O onço agradou-se daquele entusiasmo.
– Combinemos o seguinte – disse ele. – Amanhã de manhã cercaremos a casa de modo que ninguém escape. As irarás e cachorros-do-mato guardarão os lados e nós, onças, atacaremos pela frente.
– Bravos! Bravos! Assim o faremos! – gritaram, em coro, as feras.
– Assaltaremos a casa – prosseguiu o viúvo – e mataremos todos os seus moradores.
– Sim, matá-los-emos a todos! – repetiu o coro.
– E depois os comeremos um por um!
– Sim, sim, comê-los-emos a todos, um por um! – uivou a bicharia, com as línguas vermelhas a lamberem a beiçaria feroz.
A assembleia dissolveu-se, indo cada qual para sua toca sem que nenhuma daquelas feras pensasse em caça naquele dia. Estavam a preparar uma fome especial para o almoço de carne humana que iam ter no dia seguinte.
Os besouros espiões tudo ouviram do seu galhinho e lá se foram, a zumbir, dar parte a Emília dos grandes acontecimentos. A boneca estava ansiosa por eles, visto como não os tinha visto na véspera.
– Então? – perguntou logo que os dois sonsos entraram na varanda como se fossem besouros à-toa, desses que se deixam atrair pela luz dos lampiões.
– É amanhã o ataque – responderam os dois besouros, que eram gêmeos e sempre falavam e agiam juntos. — As onças acabam de resolver isso numa reunião que tiveram debaixo da Figueira-Brava. Os cachorros-do-mato e as irarás guardarão os lados da casa, e as onças, guiadas pelo onço viúvo, darão o assalto. Também juraram matar e comer a todos.

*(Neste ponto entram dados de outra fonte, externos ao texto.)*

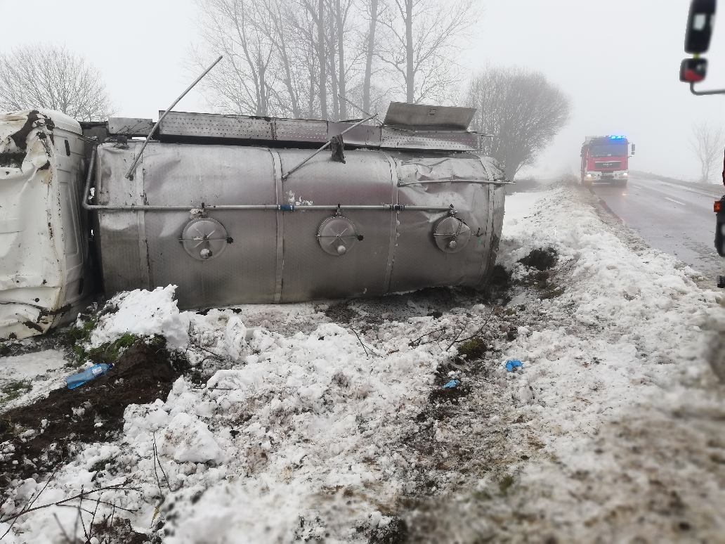 Do kolizji z udziałem samochodu przewożącego mleko doszło dziś po południu na trasie z Wysokiego Mazowieckiego do Ciechanowca, w okolicy miejscowości Kuczyn.
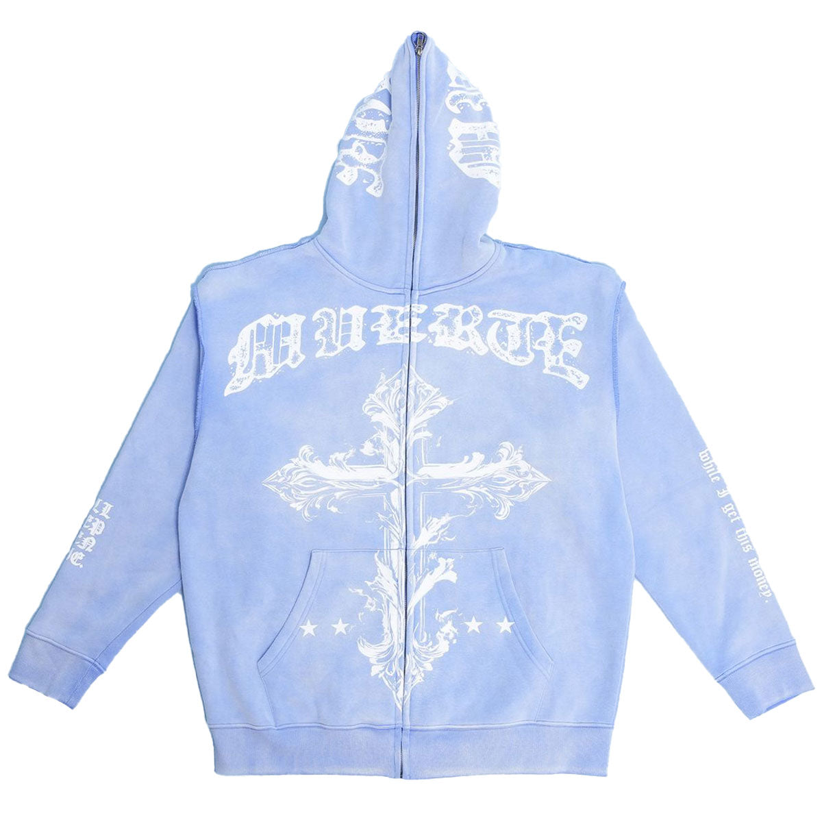 This light blue potassium hoodie from Hasta Muerte features a large cross graphic with branding on front, a full zip up design, sleeve graphics, kangaroo poockets, and a large Jesus graphic with a 'God Bless the Real' slogan on rear.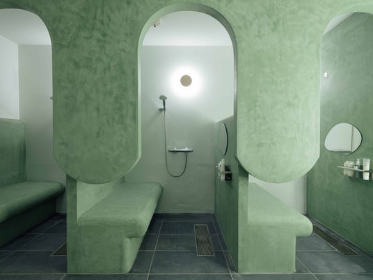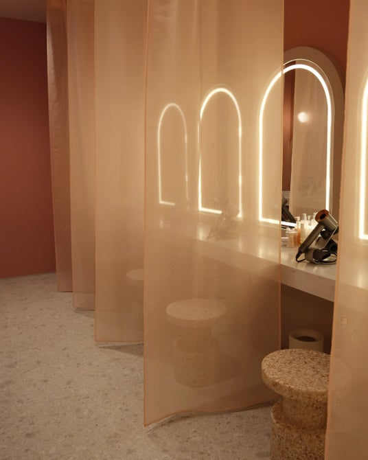 オーガンジーがたなびくピンクのパウダールームで、アフターサウナの優雅な時間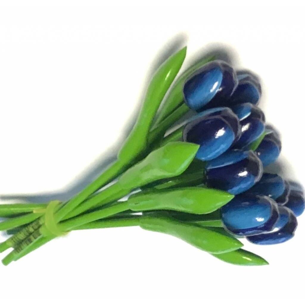Die schönsten blauen Holz Tulpen in einem Strauß. Die künstlichen Blumen sind nicht von der Realität zu unterscheiden und eignen sich ideal zum Platzieren in einem Wohnwagen. Der große Vorteil ist, dass Sie sie nicht gießen müssen und diese Blumen immer schön bleiben. Sie nehmen auch sehr wenig Platz ein und der Raum wird sofort viel glücklicher.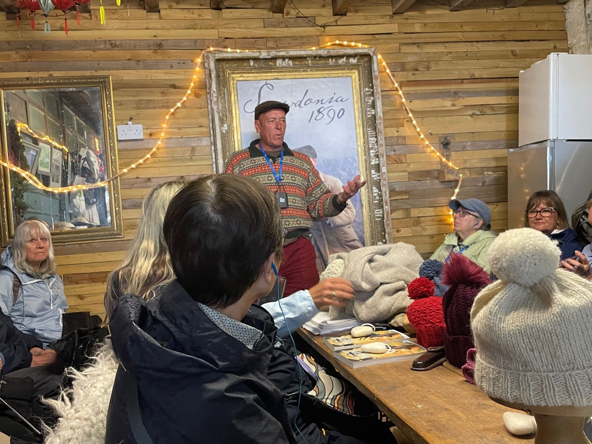 Giving us a lesson about sheep farming. I don't think you can see it well but there is a big poster for Snowdonia 1890, which was a show he was on

Emília não empalideceu de susto, nem tremeu que nem vara verde, como aconteceria se ela fosse gente de verdade. Emília era a mais corajosa boneca que ainda existiu no mundo. Apenas disse:
– Isso de dizer que cerca e assalta e mata e devora é fácil. O difícil é cercar, assaltar, matar e devorar realmente. Nós saberemos defender-nos. Que venham as tais onças duma figa!
Os dois besouros não deixaram de admirar-se daquele espantoso sangue-frio.
– Mas de que armas dispõem vocês para lutar contra tantas feras raivosas? – perguntaram eles gemeamente, isto é, cada um dizendo uma palavra. O modo dos besouros conversarem com a boneca era esse. Um dizia as palavras pares e o outro dizia as palavras ímpares.
– Não sei – respondeu Emília. – Isso é com Pedrinho, o nosso generalíssimo. Ele está estudando o assunto – e eu também. Não sei ainda o que o General Pedrinho vai fazer, mas sei o que vou fazer. Pensei, pensei e repensei sobre o caso e já tenho cá uma ideia que vale ouro em pó.
– Qual – disse o primeiro besouro, é – disse o segundo, essa – continuou o primeiro, ideia? – concluiu o segundo.
– Não posso dizer em voz alta – respondeu Emília. – Só ao ouvido – e chegando-se bem pertinho dos gêmeos cochichou-lhes ao ouvido a sua ideia pelo mesmo sistema, isto é, dizendo a palavra par ao besouro número 1 e a palavra ímpar ao besouro número 2. Os besouros admiraram-se da esperteza da boneca e partiram – zunn! – a fim de cumprir as ordens recebidas.
Logo que os viu se sumirem no espaço, Emília foi correndo contar a Pedrinho o que acabava de ouvir dos seus espiões de casaca preta.
Pedrinho já havia resolvido o problema da defesa.
— Como não temos armas de fogo para enfrentar as onças – disse ele – lembrei-me do seguinte. Faço uma porção de pernas de pau bem compridas; um par de pernas para cada morador do sítio, inclusive o Marquês e as galinhas. Quando as onças nos atacarem, subiremos sobre essas pernas de pau, bem lá no alto – e quero ver!…
– E se as onças também subirem pelas pernas de pau acima? – perguntou a menina.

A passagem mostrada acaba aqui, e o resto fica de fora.